Renewable resources generated about 12 percent of the energy produced within New England, including 6.3 percent from wood, refuse, and landfill gas; 4.8 percent from wind; and 1.2 percent from solar resources. Hydroelectric resources generated 8.3 percent. The region also received net imports of about 2,176 gigawatt-hours of electricity from neighboring regions.
N.E. Fuel Supply Issues
Fuel supply issues have been a concern in New England for the past two decades due to constraints on the natural gas pipeline system, which limits the availability of fuel for natural gas-fired power plants. Heating customers are served first through firm service contracts. When natural gas is not available or is higher priced than alternate fuels, the wholesale markets goes to other sources, including LNG, coal, or oil. But, since 2013, about 7,000 megawatts of these fuels have retired or announced plans for retirement in the coming years, with nearly 2,000 megawatts having retired since winter 2017/2018. Government policies are driving the backup sources out of the market.
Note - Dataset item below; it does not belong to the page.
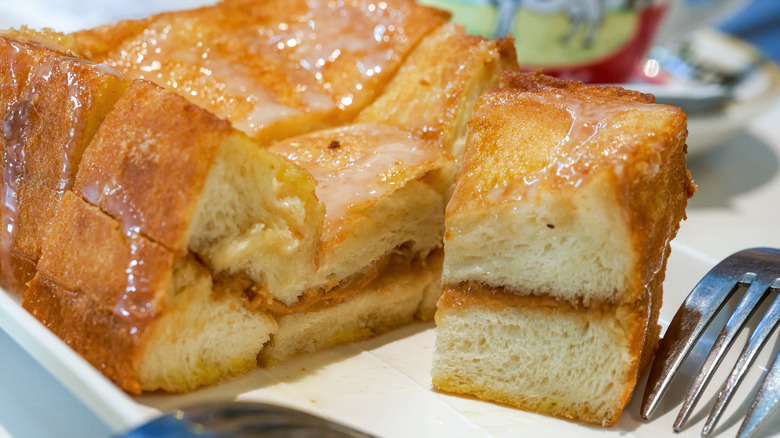According to Epicurious, the most popular type of this version of French toast is filled with peanut butter, soaked in a milk and egg mixture, fried until golden brown, then topped with butter and condensed milk. One bite of warm, runny peanut butter, crisp bread, and sweet condensed milk will be enough to convince you that making French toast any other way just won't do.

As New England has been shuttering its coal-fired power plants, back-up power has mostly been supplied by natural gas, raising the price of electricity as cold weather forces different sectors to compete for natural gas. When domestic natural gas supplies are short, the region purchases Russian LNG to supply the Everest LNG import terminal a few miles north of Boston. The Russian LNG comes from a new $27 billion terminal on the Yamal Peninsula in the Arctic Circle operated by Yamal LNG—a joint venture among Russia’s gas company Novatek, France’s Total, and China’s CNPC. LNG is both more expensive than domestic natural gas and more carbon intensive. Liquefied natural gas results in greater emissions than pipeline gas because cooling the gas to minus 260 degrees Fahrenheit and then shipping and regasifying it requires more energy than pumping natural gas through domestic pipelines. Generally, LNG produces 5 to 10 percent more emissions over its entire life cycle than piped gas. Because New England has denied permits for natural gas pipelines, the region ends up using more carbon intensive and expensive energy than it needs to.
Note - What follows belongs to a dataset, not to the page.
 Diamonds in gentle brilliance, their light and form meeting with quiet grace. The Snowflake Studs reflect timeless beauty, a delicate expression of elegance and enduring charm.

A tight global natural gas market and existing pipeline constraints put New England in a “precarious position” this winter, as backup supplies are scarce in the region should cold weather be colder than expected or if another polar vortex should hit. The independent system operator New England, which oversees the wholesale electricity market in Maine, Massachusetts, New Hampshire, Rhode Island, Connecticut, and Vermont, see those conditions increasing the likelihood of operators having to employ planned outages to manage power demand in the event of extreme winter weather. Add to this energy situation decarbonization efforts within the states, mostly in statute, and tools to get there, such as the Regional Greenhouse Gas Initiative, and it is easy to see why electricity and natural gas prices are high in the region. While this does not get much coverage in the press, substantial price increases such as these are bound to catch the attention of the consumers in the region.